Instructions for the task
Leaving all pictures aside, copy exactly the lines from the start of the listing below through the line that contains "Figure 2 The", and only those lines.
-=-=-
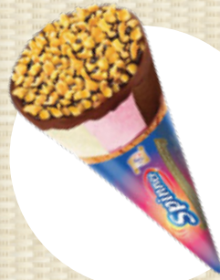
KING'S SPINNER NEAPOLITAN $2.80
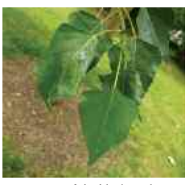
Leaves of the black poplar

This is now one happy little tree. Duplicate that many times over and we will have a very healthy tree stock in Holland
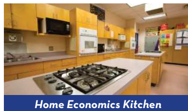
Home Economics Kitchen
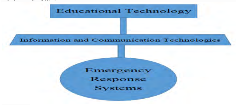
Figure 2 The uses of educational technologies filtering down to real-life applications in emergency response systems

The creation of Open Educational Tools (OER), the promotion of online learning processes, and the development of various pedagogical approaches that are either problem-based or project-based learning are some of the projects designed by students here in Pakistan.
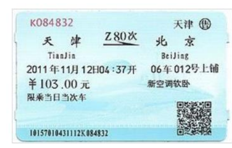
Fig 2; QR Codes Used In Train Tickets In China
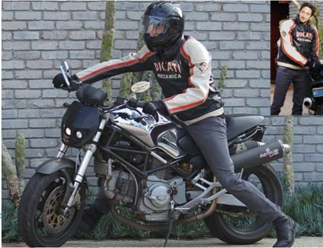
Adrien Brody Ducati
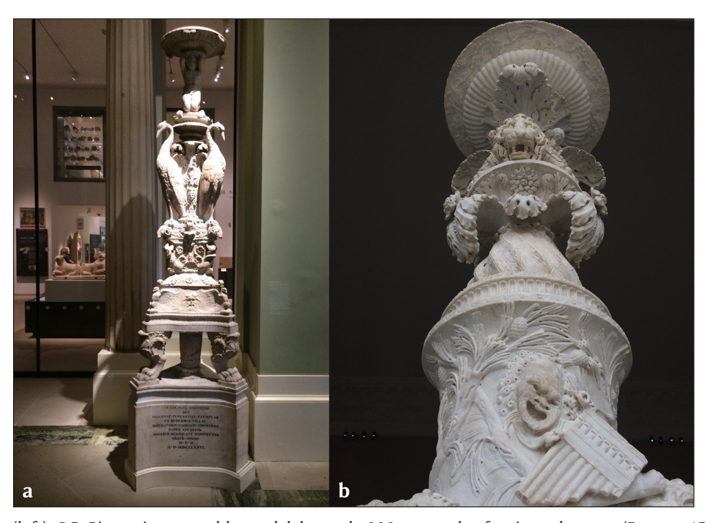
Figure 10: a (left): G.B. Piranesi, two marble candelabrum, h. 300 cm, made of various elements (Roman, 15th and 18th century), after a design by Piranesi. Acquired by Sir Roger Newdigate in 1774, donated to Ashmolean Museum, Oxford University, in 1775. b (right): G.B. Piranesi, marble candelabrum, 353 cm high, made of various elements (Roman, 15th and 18th century, after a design by Piranesi. Acquired from his estate in 1815. Musée du Louvre, Paris.

The design of all three candelabra follow the same basic scheme ( Figures 10a, 10b, and 11 ): a pedestal consisting of three legs, in which lion claws grow into acanthus leaves, or as in the one now in the Louvre, into a lion's head biting into the lower leg. These legs support a carrying structure derived from Roman altars and display
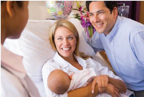
Partnering to Help Parents

A weekly support group, called Breastfeeding Support for Success, is also offered at no cost. Infants receive a weight check during meetings, and professional lactation consultants answer mothers' questions. The group is open to all mothers in the community – whether they choose to breastfeed or bottle feed. Mothers planning to return to work can also schedule a free consultation designed for their specific work situation.
-=-=-
Exercise result
KING'S SPINNER NEAPOLITAN $2.80
Leaves of the black poplar

This is now one happy little tree. Duplicate that many times over and we will have a very healthy tree stock in Holland
Home Economics Kitchen
Figure 2 The uses of educational technologies filtering down to real-life applications in emergency response systems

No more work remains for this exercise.